Автор - Елена Скачко, Киев (Украина).
Будет мороз...
Небо затянуто серым холстом, солнце украдено,
Завтра, наверное, будет мороз – обещали по радио.
Гришка на кухне сидит за столом, обложившись тетрадями,
Пишет и курит, уже перевёл листов пятьдесят:
дело срочное.
Танька его опять на сносях,
В третий раз за пять лет – ну, не квочка ли?
Что уж теперь, виноват и сам. Может, оно и к лучшему,
Вдруг, наконец, родится пацан – радость и гордость любого отца – не всё же возиться с клушами!
Жили б в деревне, откуда родом, – дом, огород, конюшня,
Только вот Танька: в город, ей в город, «детям там будет лучше»...

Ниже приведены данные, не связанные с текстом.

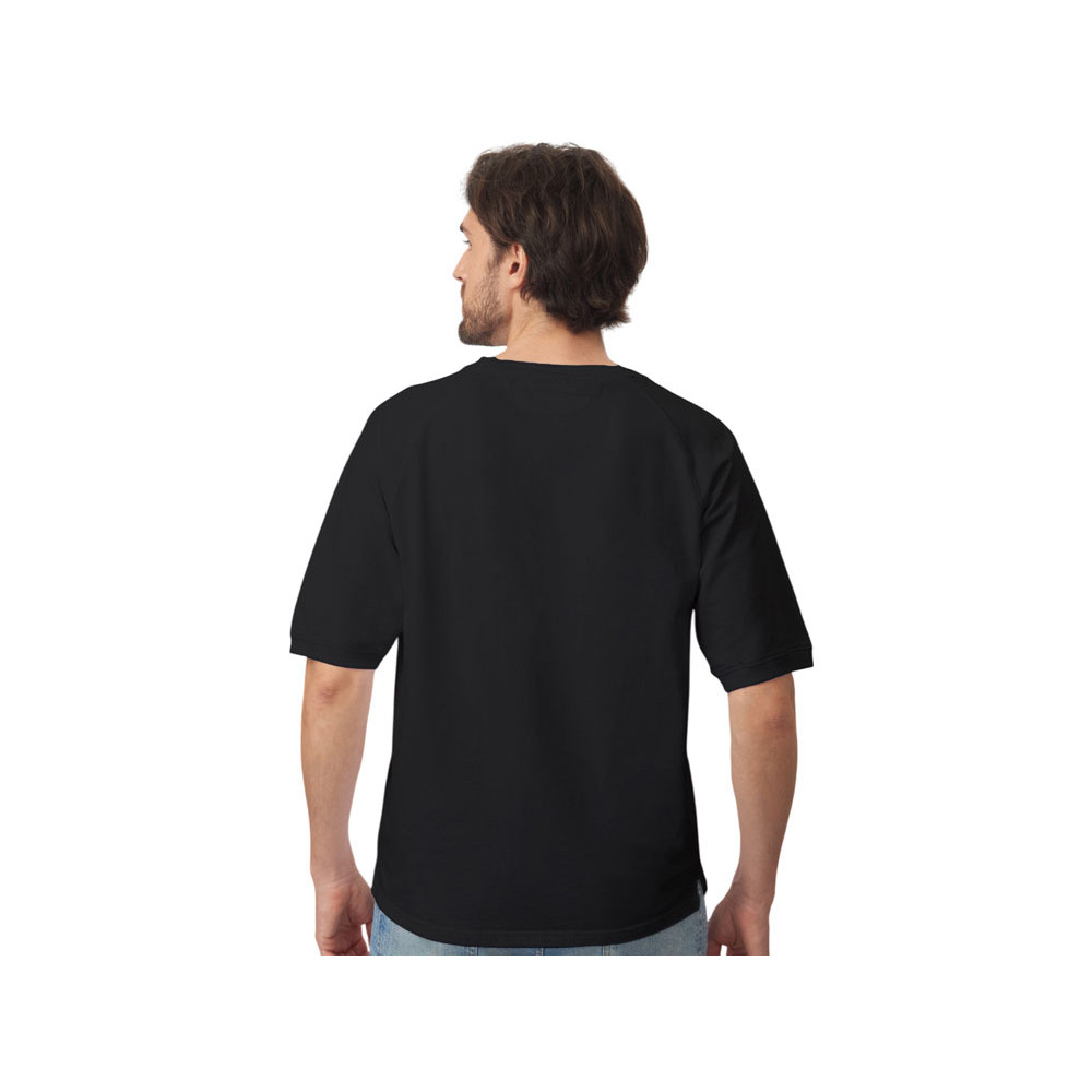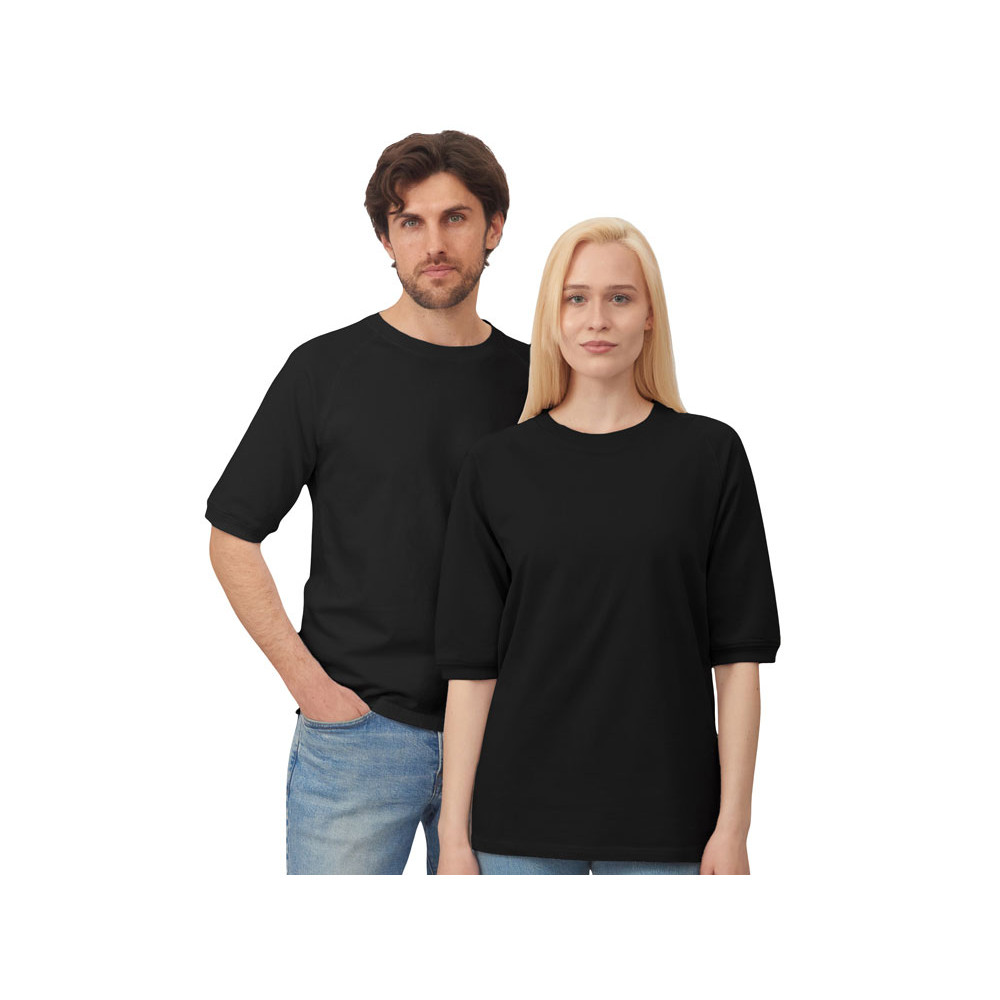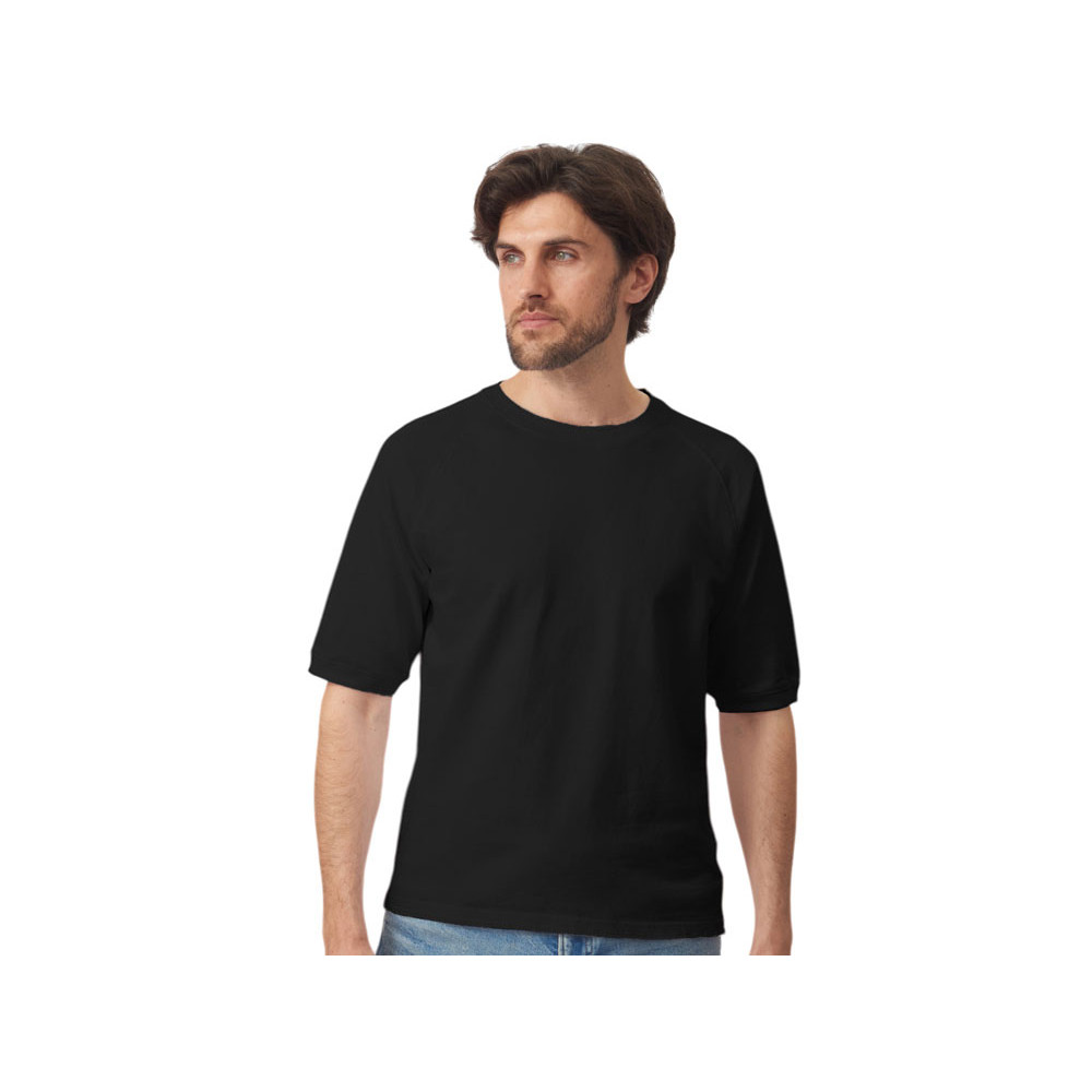 Футболка выполнена из хлопкового френч терри с петельками на изнаночной стороне. Горловина обработана рибом 2х2 и дополнительно усилена тесьмой-елочкой с внутренней стороны спинки и дополнена кокеткой по спинке для нанесения логотипа клиента. Рукав реглан продублирован рибом по низу. Разрезы в боковых швах. Гладкая поверхность полотна позволяет идеально нанести изображение. Футболка комфортного силуэта.
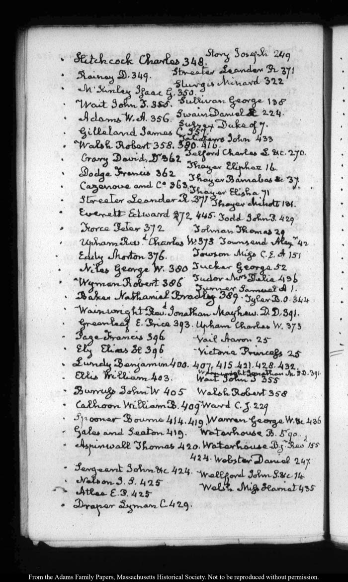 View full, authoritative transcriptions with page images of the diaries at John Quincy Adams Digital Diary part of the Primary Source Cooperative at the MHS.
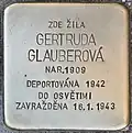 Glauberová, GertrudaGertruda Glauberová née Zinner, also called Gertrude or Trude, was born on 24 August 1909 in Hlinsko. Her parents were Ludwig Zinner and Stefanie née Bergmann, also Steffi. She had a sister named Marianna, born on 20 March 1906, later married as Kraus. She married Valtr Glauber (see above). The couple had a son, Karel, born in 1937 (see above). She was arrested, separated from her child and deported to Auschwitz concentration camp. There she was murdered on 16 January 1943.[16]

Век куковать теперь в коммуналке, спать за китайской ширмой,
Ждать, пока девки уснут. А Галку не уложить без крика и палки,
Да и Наталка... Противная стала, бойкой растет, настырной.
Гришка думает о соседках: о Наде, но больше о Кире.
Сварки бывали порой (но редко!). Чаще гуртом курили.
Бабы они ничего, нормальные, дело не в них (не в ней!),
Если и грызлись когда по пьянке (чего не взбредет только в голову Таньке!) – дело забытых дней...
Просто Гришке через неделю исполнится тридцать пять,
Таньке – ударнице пятилетки – скоро опять рожать.
Танька всегда была редкой дурой – какой с бестолковой спрос?
Гришка курит. Пишет и курит.
Гришка пишет донос.
Не потому, что бесится с жиру,
Просто жилищный вопрос.
Гришке и Таньке нужна квартира,
чтобы ребенок в тепле и мире, чтобы в достатке рос.
Конверт запечатан. И поделом: всё-таки Кирка сука –
Не раз называла вождя козлом, усатым и сухоруким...
И Гришке однажды крепко досталось – заехала сходу в морду.
За что? Всего-то пощупал малость – подумаешь, слишком гордая!
Жизнь проходит, как сон наяву, – и никакого просвета:
В пятнадцати метрах жить, как в хлеву, – жизнь ли вообще всё это?
Водки бы выпить, пойти вразнос /сердце заныло, гадина.../,
Крепкого нет, осталось вино – и то не свое, а Надино.
Ладно – пора. Вставать в пять утра.
Гришка устал и замерз.
Дрожь пробирает.
Сбылся прогноз.
Завтра, наверное, будет мороз –
не врёт же советское радио...
Liberatio
«Не медли. Просто перекрой вот этот клапан...»
Будет тихо.
Пусть задохнётся этот крот.
Или безмозглая кротиха.
Наверно, всё-таки она – плодится походя и споро
Гнилыми ядрами зерна и наждаком замшелых корок.
Пучком стерильных острых игл скребёт-царапает по клеткам.
И счастье – блик.
Без боли миг.
Бывает это редко-редко.
Кротиха пухнет и растёт. Пасётся вволю, жрёт и гадит.
Была надежда целый год на всемогущий белый радий...
А если опиумный сон утихомиривал прожору,
Включалось жизни колесо: «Опять не выстираны шторы,
Не куплен Насте пуховик, Алёшке не во что одеться...»
И изнывало от любви большое сорванное сердце.
К утру, под занавес ночной, рождались призрачные просьбы:
«Женись на Машке Шульгиной, она детей моих не бросит...»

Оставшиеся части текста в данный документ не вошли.